她穿好衣服,扎了一条腰带,将衬衣的下半截束在裤子里。接着往后一撩头发,刚刚被捆进衣服里的部分便柔顺地散落在身后。何之远穿好外套,将衬衣的袖子从领口拉出来,确保衣服上没有多余的褶皱。然后她回头说到:“你们在这方面的品味完全不一样,对吧?”

目前为止,对话的内容还勉强算在正常的范围里面。楚鸢却察觉到了不对,很不对劲,空气中说不出的违和感让她绷紧了神经。

难道因为她已经习惯了何之远哭哭啼啼的窘态,乍然看到她穿着整齐的模样很不适应吗?何之远很平静的在和她闲聊,楚鸢却认为这是暴风雨前的寂静。她紧张起来:“你到底想说什么?”

何之远是太过寂寞就会死掉的兔子,是随时害怕自己被抛弃的小狗,是可爱起来很会撒娇的猫咪。是无害的、可怜的、眼泪汪汪的。她不该是现在这个样子。

何之远转过身来,眉毛一撇,又是那副很委屈的样子。

“妈妈,我爱您。”

这幅样子才让人觉得熟悉。

“但您是我母亲的爱人。”

委屈的、迷恋的,何之远的眼睛中充满了让人心安的情绪,仿佛那一点点不对劲的地方全部来自于突如其来的飞醋。
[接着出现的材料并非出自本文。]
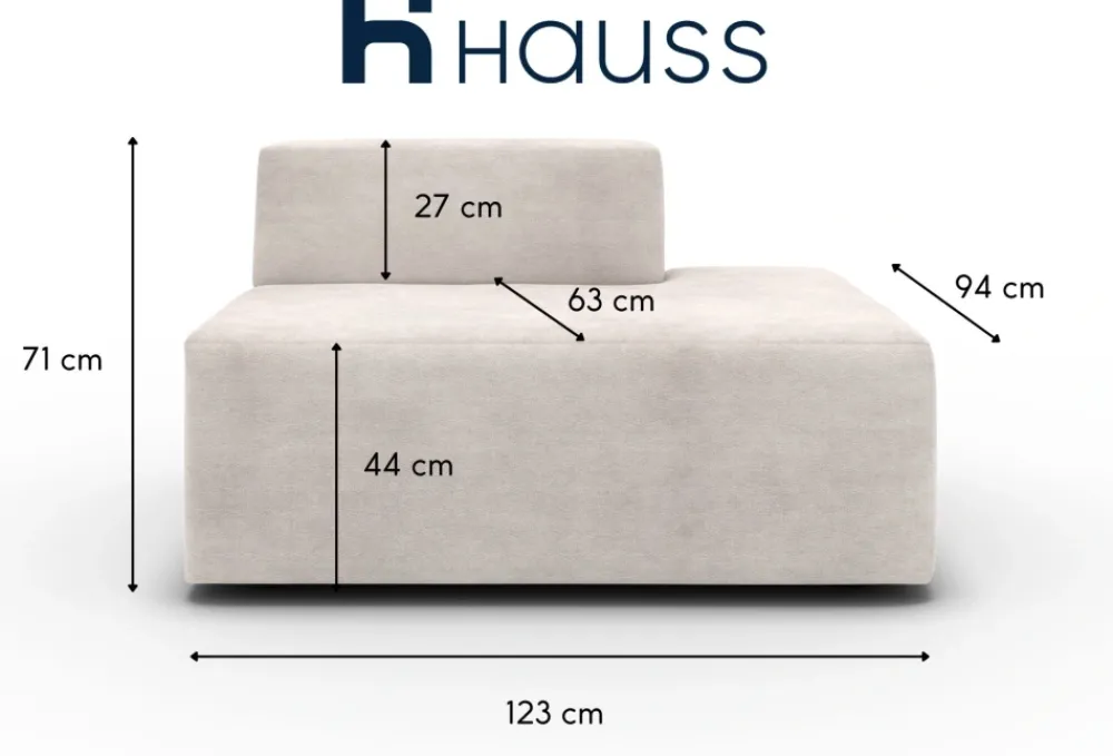 Obłe, nowoczesne kształty modułu prawostronnego nadają wnętrzu elegancji i przytulności. Miękkie siedzisko wypełnione pianką HR oraz sprężynami falistymi zapewnia wygodę podczas codziennego użytkowania. Takie połączenie materiałów gwarantuje trwałość siedziska i komfort przez długie lata, sprawdzając się zarówno przy codziennym relaksie, jak i spotkaniach z rodziną i znajomymi.
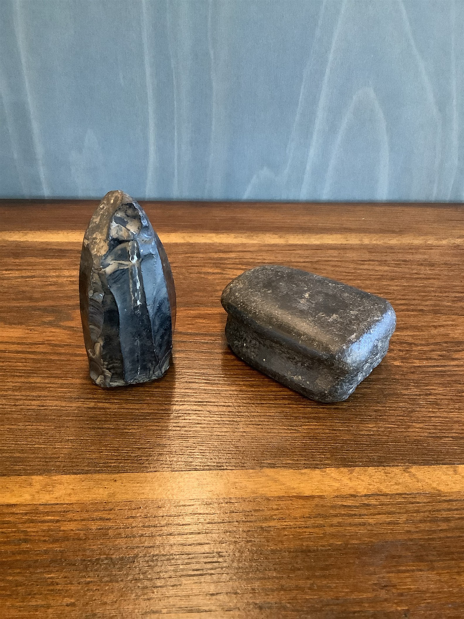 TWO ARCHAIC STONE OBJECTS INCLUDING A POSSIBLE CARBONADO AND A STONE TOOL H.8.5CM (TALLEST)
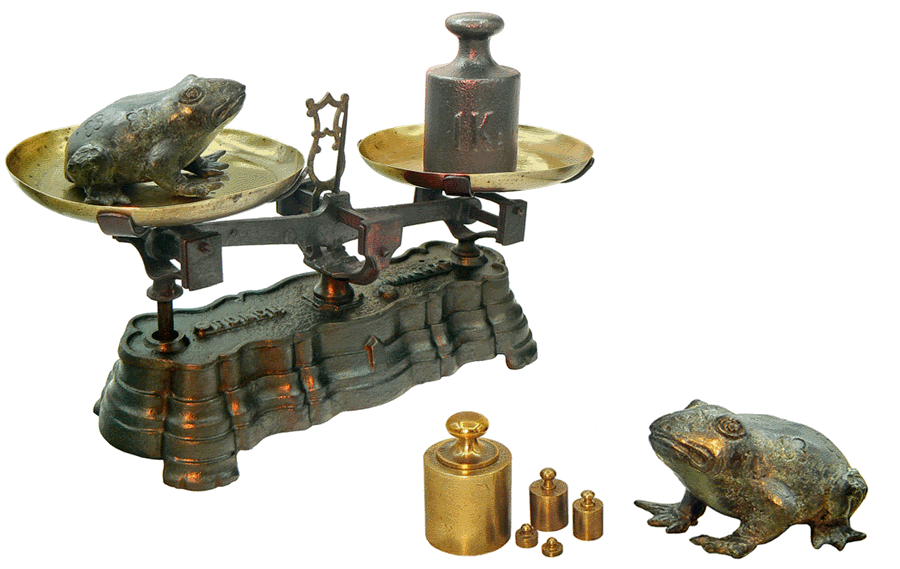 Sur le plateau de cette autre balance, la grenouille voulait peut-être, non se faire aussi grosse que le bœuf, mais aussi lourde que la masse de 1 kg en fonte... mais elle ne pèse que 233 g. |

她跪在床上,挪动着膝盖,来到一个渴望靠近又不敢触碰的距离。

“她不是一个好爱人,对吗?”

“她不喜欢您身上的香味。”

“去见她的时候,您从来不用玫瑰的味道。”

“对不起,我曾经也讨厌过那个味道,但我会改,她不会。”何之远说,“母亲不会为任何人改变。”

楚鸢不知道何之远什么时候连这个都发现了,她突然的热情没有让人觉得感动,反而令人厌恶。在她眼里,何之远一向是感情中的承受着,她承受着来自别人的讨厌或喜欢,而她本人的意见并不重要。所以在何之远如此直接地表达占有欲后,楚鸢打从心底里觉得冒犯。

乖乖听话就可以了,说这些做什么呢?明明一直乖乖的话,她就会去爱她。

“所以呢,”楚鸢移开了视线,“说这些干什么。”

“您也是想离开她的吧?我知道,我知道,没有人比我更明白……”何之远落泪了,像往常一样。

“早就已经在日复一日的等待中失望了,心底里早就清楚不该继续爱她。然而对她的爱已经成了一种习惯,就算自己觉得已经不喜欢了,看到母亲头痛的时候还是会心疼对吗?我知道,因为我也是这样,我早就不想爱她了,但因为她是母亲,我一直不肯改口说恨她。太痛苦了,这种想要离开却离不开的感受,我太清楚了。